Auf einer Corona-Demo in Münster lieferte sich ein Polizist ein Wortgefecht mit einem Demonstranten. © Felix Kästle/dpa

Bei einer Corona-Demo in Münster kam es zum Wortgefecht zwischen einem Polizisten und Demonstranten. Twitter-Nutzer reagierten auf die Szene aus dem „Spaziergang“.

Münster/München - Die Corona-Maßnahmen in Deutschland werden regelmäßig als Anlass für Demonstrationen genommen. Im Zuge der Pandemie gehören diese schon fast zum Alltag in vielen deutschen Städten. Dabei sind sie meistens unangemeldet und resultieren zum Teil auch in Auseinandersetzungen mit der Polizei.

Die Gegner von Corona-Maßnahmen haben nun das Format der sogenannten „Spaziergänge“ entwickelt. In erneut unangemeldeten Kolonnen ziehen sie durch die Innenstädte. Ein solcher Spaziergang fand auch in Münster statt. Dort kam es zu einer verbalen Auseinandersetzung zwischen einem Polizisten und Demonstranten. Der Polizist erhielt vor allem auf Twitter Unterstützung.

Corona-Demo in Münster: Polizei stoppt unangemeldeten „Spaziergang“ - Beamter macht eindeutige Ansage

Bei dem Video, das in kurzer Zeit viral ging, handelt es sich um einen Ausschnitt aus einem Bericht der „Tagesschau“ zu dem „Spaziergang“ in Münster. Die Versammlung war unangemeldet, weshalb die Polizei eingriff. Die Demonstration wurde gestoppt, bis der Verantwortliche gefunden und die Situation geklärt wurde.

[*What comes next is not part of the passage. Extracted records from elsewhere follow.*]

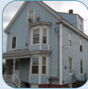
25 Hemlock St, Portland 4 Unit Sold Date: December, 2006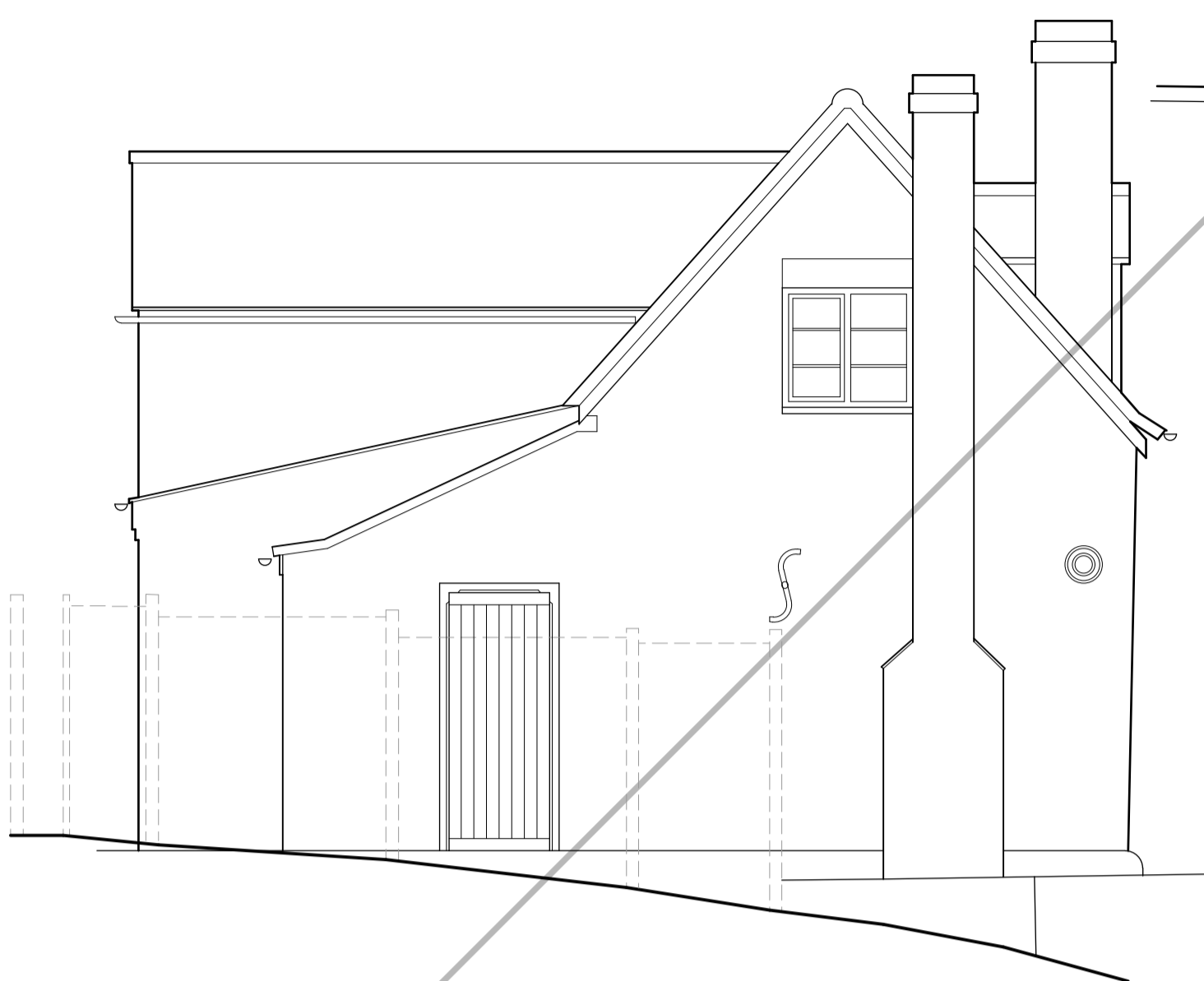
Side (west) Elevation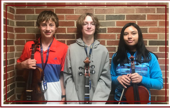
Thompson Middle School students, Orchestra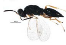
BIOUG22027-E09 [Lateral] Pteromalidae BIN URI: BOLD:ADB4085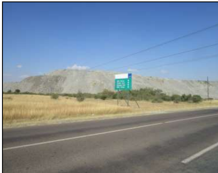
Fig.12: A view of the old Waste Rock Dump.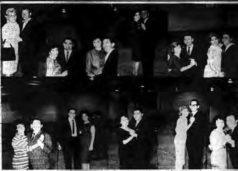
AMONG THOSE WHO ENJOYED the West Birchwood Civic Assoc election dance.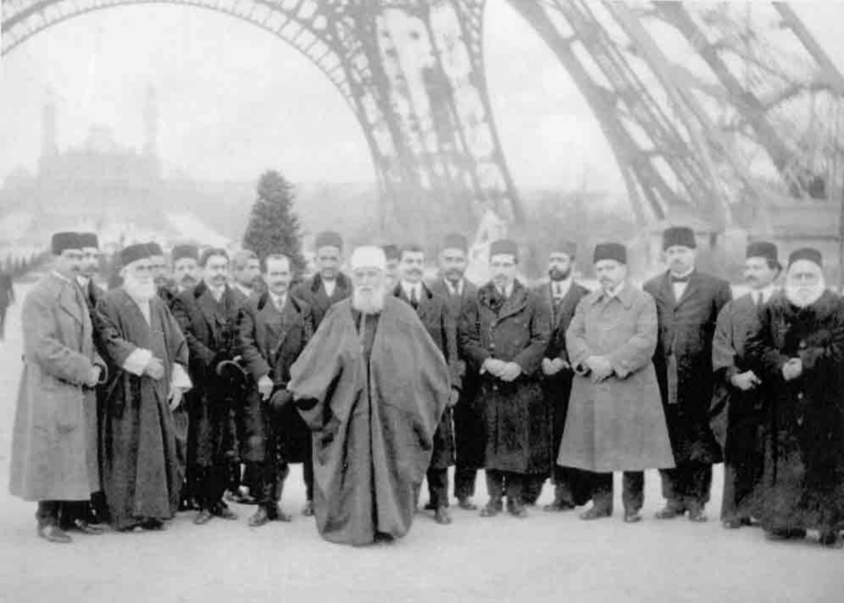
'Abdu'l-Bahá at Eiffel Tower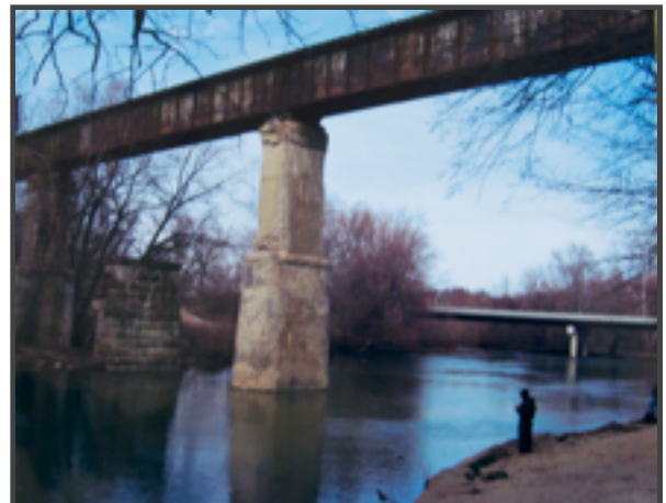
First Place Photograph

Indes ist auf dem Ausschnitt zu sehen, wie ein Teilnehmer der Versammlung mit einem Polizisten diskutiert und darauf besteht, dass die Demonstration nicht anmeldepflichtig sei, da man lediglich „spazieren“ wolle. „Aber schauen sie, die Leute, die wollen jetzt spazieren gehen“, behauptet der Mann, Das Wortgefecht vertieft sich, doch der Polizist gibt nicht nach und spricht Klartext.

Vor laufender Kamera des Senders WDR antwortet er dem Mann: „Sie wollen nicht spazieren gehen, Sie wollen uns verarschen“. Als der Mann protestiert, hakt der Beamte weiter nach. „Doch, Sie wollen uns hier eindeutig an der Nase rumführen“, führt der Polizist an und fügt deutlich hinzu: „Das ist dummes Zeug“.

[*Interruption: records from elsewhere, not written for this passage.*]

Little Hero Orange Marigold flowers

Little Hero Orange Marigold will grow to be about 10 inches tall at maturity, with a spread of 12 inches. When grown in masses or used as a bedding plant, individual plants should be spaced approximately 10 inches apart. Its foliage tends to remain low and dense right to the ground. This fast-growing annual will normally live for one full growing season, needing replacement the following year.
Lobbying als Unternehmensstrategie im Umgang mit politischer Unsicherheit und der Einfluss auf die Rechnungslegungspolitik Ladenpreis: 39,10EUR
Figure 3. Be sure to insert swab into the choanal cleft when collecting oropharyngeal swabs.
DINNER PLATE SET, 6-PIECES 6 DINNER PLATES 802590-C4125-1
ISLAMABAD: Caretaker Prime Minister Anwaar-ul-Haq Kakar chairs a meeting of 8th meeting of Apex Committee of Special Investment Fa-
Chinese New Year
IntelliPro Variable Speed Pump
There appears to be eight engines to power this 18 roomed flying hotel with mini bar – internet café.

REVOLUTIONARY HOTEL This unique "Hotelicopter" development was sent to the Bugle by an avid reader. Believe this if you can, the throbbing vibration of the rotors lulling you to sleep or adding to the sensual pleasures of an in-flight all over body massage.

Corona-Demo: Beamter aus Münster erhält Unterstützung aus sozialen Medien - „Ehrenpolizist“

Schnell verbreitete sich der Ausschnitt in den sozialen Medien. Vor allem auf Twitter gab es überwiegend Zustimmung und Unterstützung für den Polizisten aus Münster. Nutzer bezeichneten den Beamten als unter anderem als „Cooler Cop“, „Ehrencop“ und „Ehrenpolizist“.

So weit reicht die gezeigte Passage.